Dad’s mental health matters too. Dad’s have a unique and great impact on their child’s social and emotional development. Listed below are five starting places for Dad’s to explore their role as a parent and caring for their own mental health.
Dad’s are an important member of the parenting team. The Centre for Perinatal Excellence (COPE) have developed a number of resources with valuable and down to earth advice for fathers and partners on adjusting to life with a baby. COPE explores topics such as what to expect during pregnancy, birth, and life with a baby. Information is included on the signs of anxiety and depression to look out for in men. There are also tips for maintaining positive wellbeing during this transitional time.
Dad’s can understand what skills and difficulties are age-appropriate. The Raising Children Network and KidsMatter websites provide information on what to expect from children at different ages and when to seek advice regarding a child’s development. Through learning about typical development, dad’s can feel more confident about understanding the many changes that happen as children grow up and how to support their relationship with their child.
Dad’s have strengths that make them great parents. Take a moment to reflect on what qualities are important to you as a parent. Consider how day to day interactions with your child may or may not display these qualities. It can be easy to miss the remarkable moments of strength, kindness and wisdom that all parents share with their family.

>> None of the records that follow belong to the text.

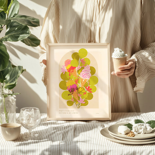 Botanical vintage ice cream cone dessert digital poster for kids playroom decor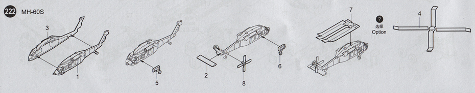 Modell: MH-60S "Black Hawk" Ausführung: Standmodell Besatzung: 4 Artikelnummer: 05638 Inhalt: 4 Hubschrauber Preis: Bausatz 05638 Besonderes: keine Glasteile, Naßschiebebilder-Satz 4x (HSC-9) Bearbeitung: normal |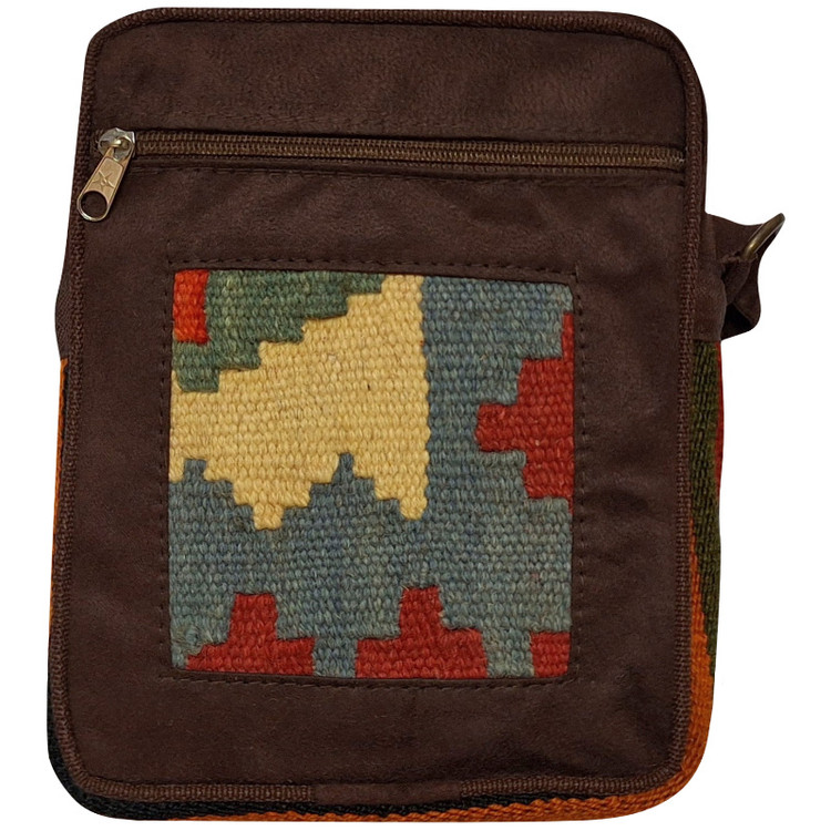این کیف زیبا ترکیبی از گلیم دستباف و پارچه نفیس و مستحکم نبوک می باشد . پهنای این اثر نیز از جنس گلیم دستباف است .پشت و بند این کیف رو دوشی که قابلیت کوتاه و بلند شدن را دارد از جنس پارچه نبوک می باشد .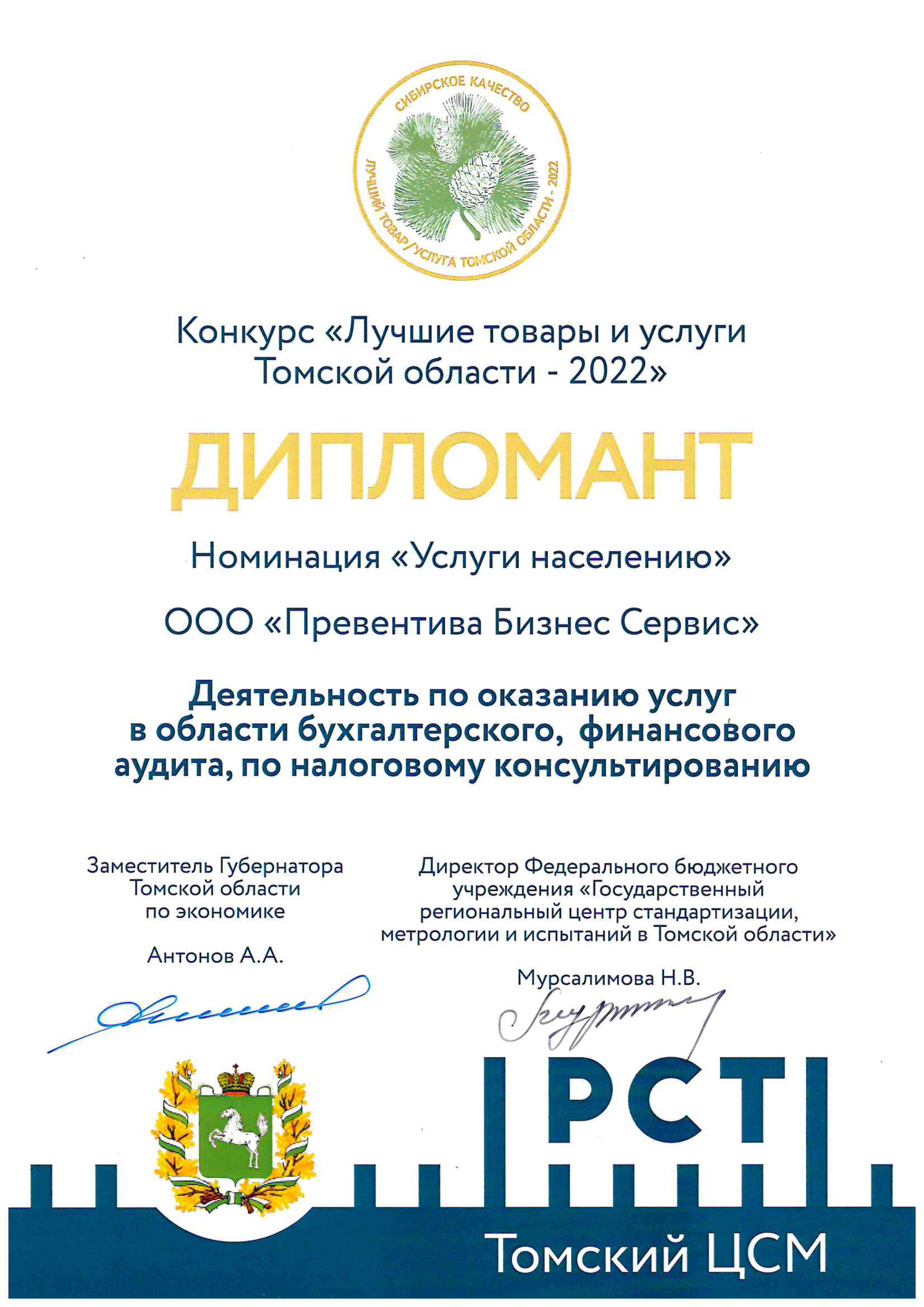 Конкурс «100 лучших товаров России» проводится с 1998 года по инициативе Государственного комитета Российской Федерации по стандартизации и метрологии (ныне – Росстандарт), общественной организации «Академия проблем качества» и информагентства «Стандарты и качество». В 2022 году Дипломом лауреата регионального этапа конкурса были отмечены услуги в области бухгалтерского учета и налогового консультирования. Этот успех стал важным этапом в истории компании, демонстрируя её вклад в развитие стандартов качества в сфере бухгалтерского и налогового консалтинга. Получение такого признания — не только почет, но и признание того, что «Превентива» соответствует самым высоким требованиям в своей нише.

Dad’s can seek support for parenting skills. Participating in a group program can be a great opportunity to connect with other people who may be experiencing similar challenges to your family. It can also offer a chance to hear different strategies and ideas that might work in your family. Evidence based programs include Tuning into Kids, Triple P, and Health Dads Healthy Kids. Sometime attending a program isn’t feasible. Luckily, there are online options such as ParentWorks that can be done at home and at your own pace.
Reach out to employers for organisational support. Balancing multiple priorities such as family, friends, work, and leisure activities can be a stretch. If you are feeling stressed or down you may be able to access an employer assistance program (EAP) giving you access to short-term counselling. Alternatively, it may be possible to have a conversation with an employer around family friendly work arrangements.